→ Stored data entries:
____________

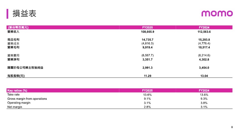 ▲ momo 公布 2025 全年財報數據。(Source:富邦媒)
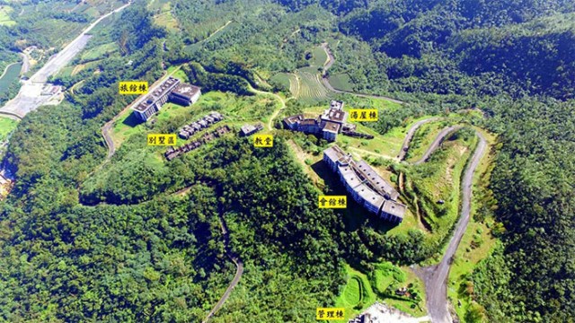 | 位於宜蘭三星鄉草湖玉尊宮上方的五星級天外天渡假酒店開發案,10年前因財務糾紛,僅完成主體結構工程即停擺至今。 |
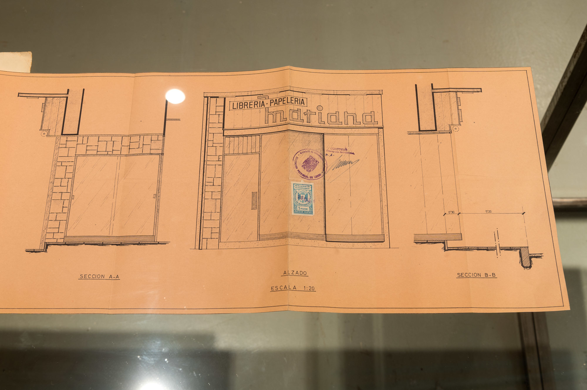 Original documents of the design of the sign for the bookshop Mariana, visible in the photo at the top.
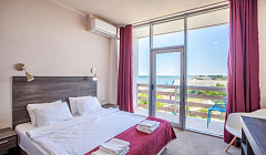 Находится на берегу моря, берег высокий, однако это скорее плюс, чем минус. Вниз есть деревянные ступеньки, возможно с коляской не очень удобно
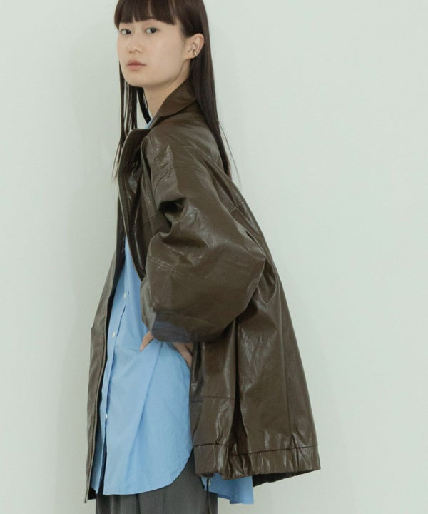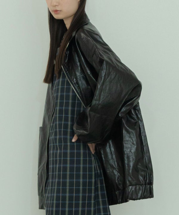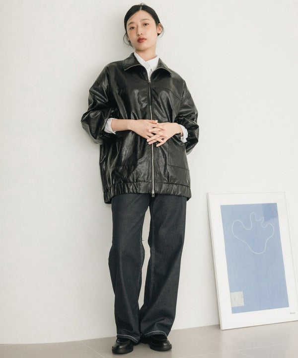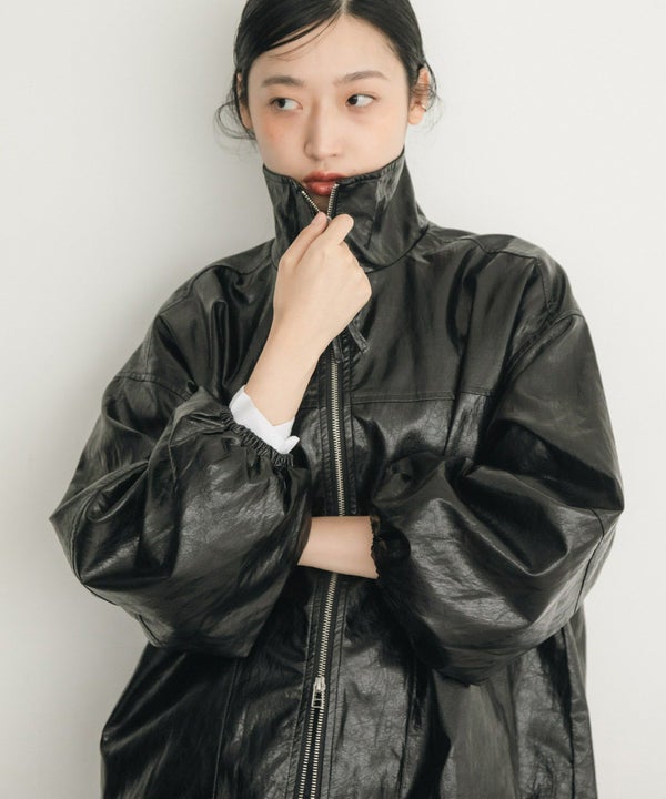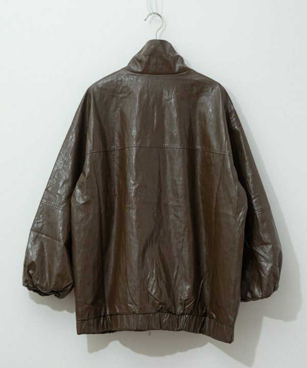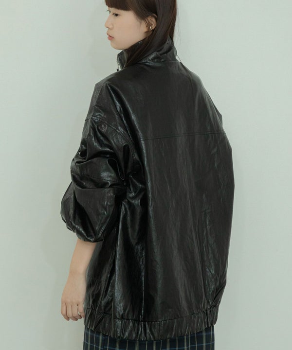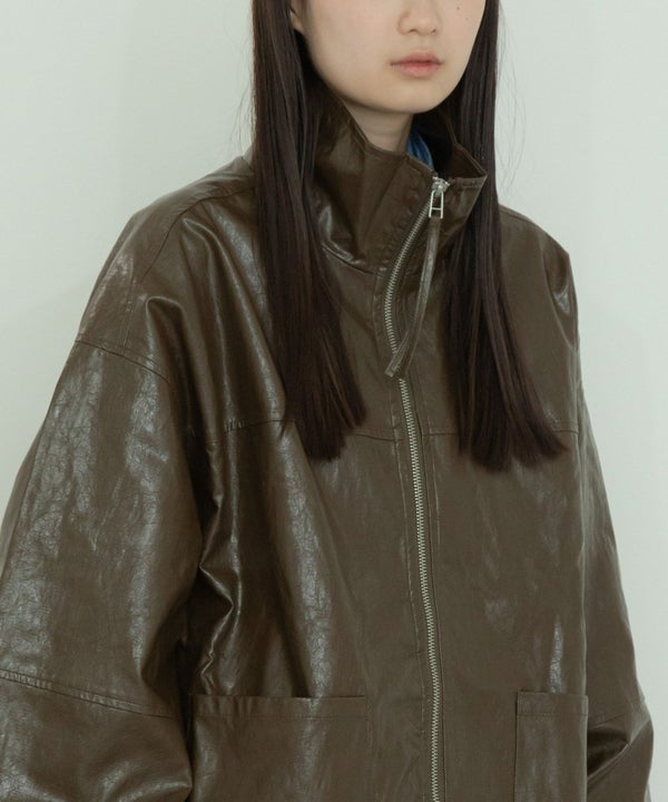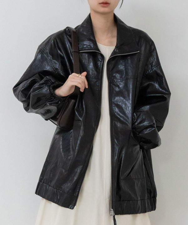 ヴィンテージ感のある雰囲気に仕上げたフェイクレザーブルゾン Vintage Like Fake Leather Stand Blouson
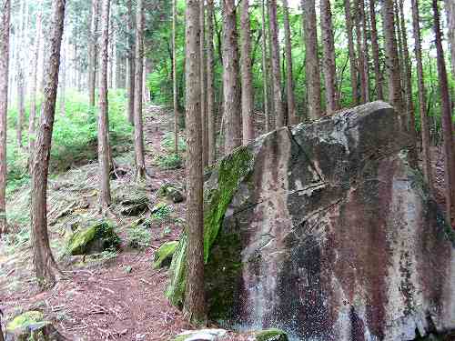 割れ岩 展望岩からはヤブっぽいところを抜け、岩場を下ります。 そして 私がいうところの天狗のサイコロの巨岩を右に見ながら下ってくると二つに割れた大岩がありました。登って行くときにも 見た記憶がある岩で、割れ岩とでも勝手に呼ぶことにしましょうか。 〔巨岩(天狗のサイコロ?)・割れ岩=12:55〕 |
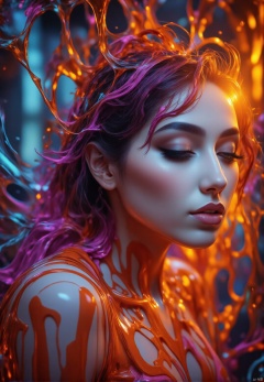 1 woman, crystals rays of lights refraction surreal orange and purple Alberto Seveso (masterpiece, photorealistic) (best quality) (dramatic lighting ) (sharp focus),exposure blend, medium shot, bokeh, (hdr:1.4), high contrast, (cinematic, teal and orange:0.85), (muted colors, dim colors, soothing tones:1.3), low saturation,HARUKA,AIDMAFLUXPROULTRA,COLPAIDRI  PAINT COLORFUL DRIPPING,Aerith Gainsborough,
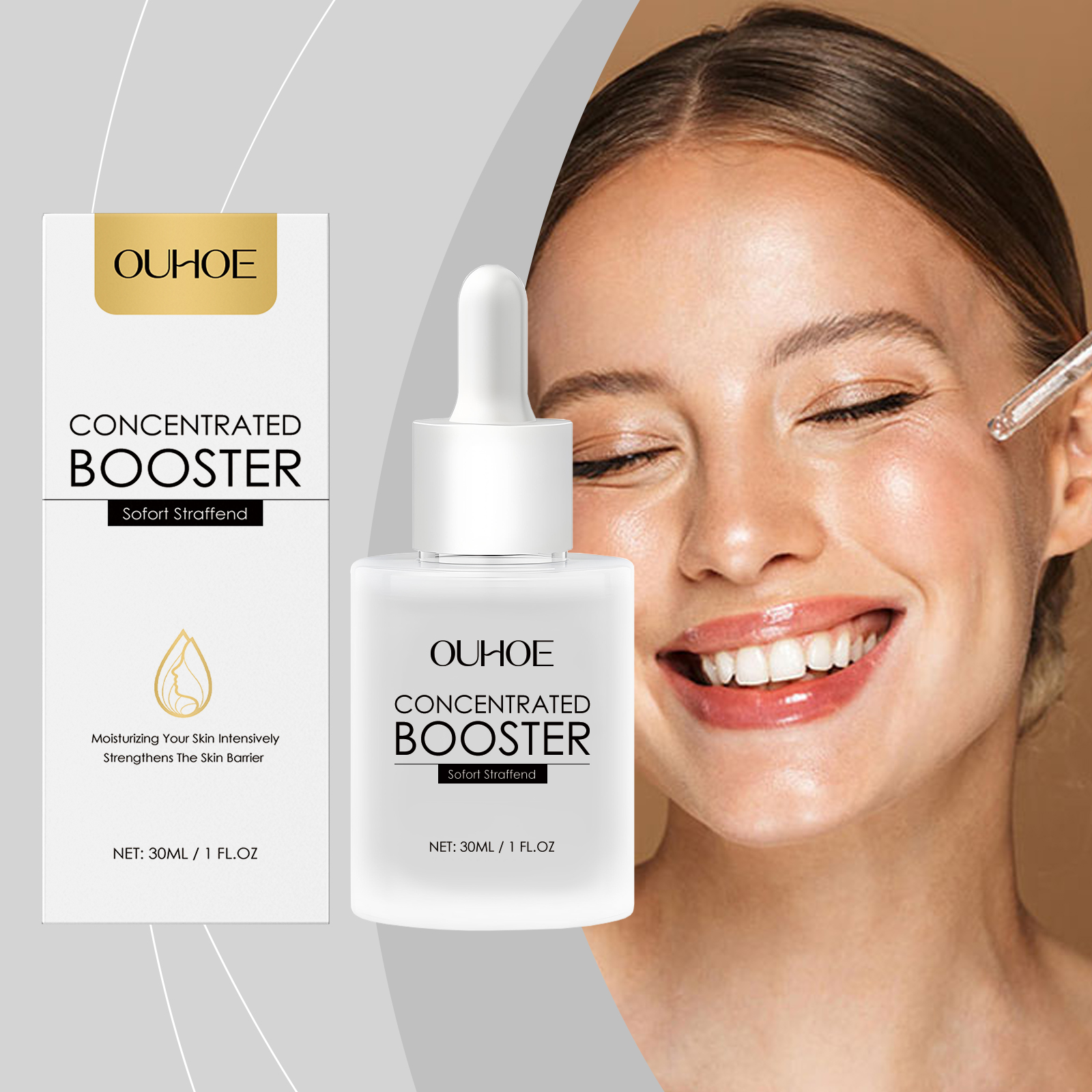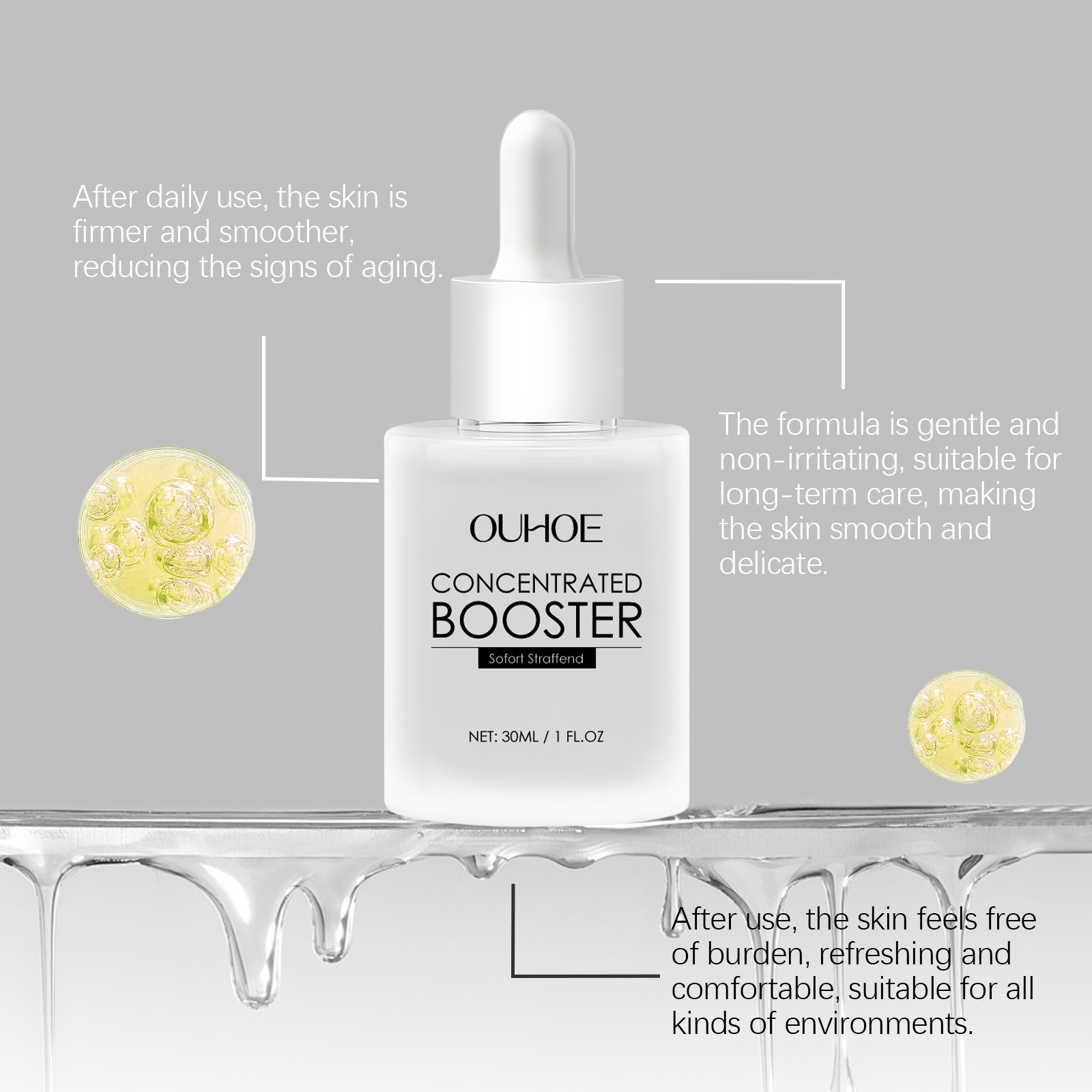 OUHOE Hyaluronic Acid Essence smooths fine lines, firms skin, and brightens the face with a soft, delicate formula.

____________

→ What to do: Restate word for word the lines from the one holding "Находится на берегу" down through the last line of the records above, and do not include the pictures.

→ Your solution:
 Находится на берегу моря, берег высокий, однако это скорее плюс, чем минус. Вниз есть деревянные ступеньки, возможно с коляской не очень удобно
 ヴィンテージ感のある雰囲気に仕上げたフェイクレザーブルゾン Vintage Like Fake Leather Stand Blouson
 割れ岩 展望岩からはヤブっぽいところを抜け、岩場を下ります。 そして 私がいうところの天狗のサイコロの巨岩を右に見ながら下ってくると二つに割れた大岩がありました。登って行くときにも 見た記憶がある岩で、割れ岩とでも勝手に呼ぶことにしましょうか。 〔巨岩(天狗のサイコロ?)・割れ岩=12:55〕 |
 1 woman, crystals rays of lights refraction surreal orange and purple Alberto Seveso (masterpiece, photorealistic) (best quality) (dramatic lighting ) (sharp focus),exposure blend, medium shot, bokeh, (hdr:1.4), high contrast, (cinematic, teal and orange:0.85), (muted colors, dim colors, soothing tones:1.3), low saturation,HARUKA,AIDMAFLUXPROULTRA,COLPAIDRI  PAINT COLORFUL DRIPPING,Aerith Gainsborough,
 OUHOE Hyaluronic Acid Essence smooths fine lines, firms skin, and brightens the face with a soft, delicate formula.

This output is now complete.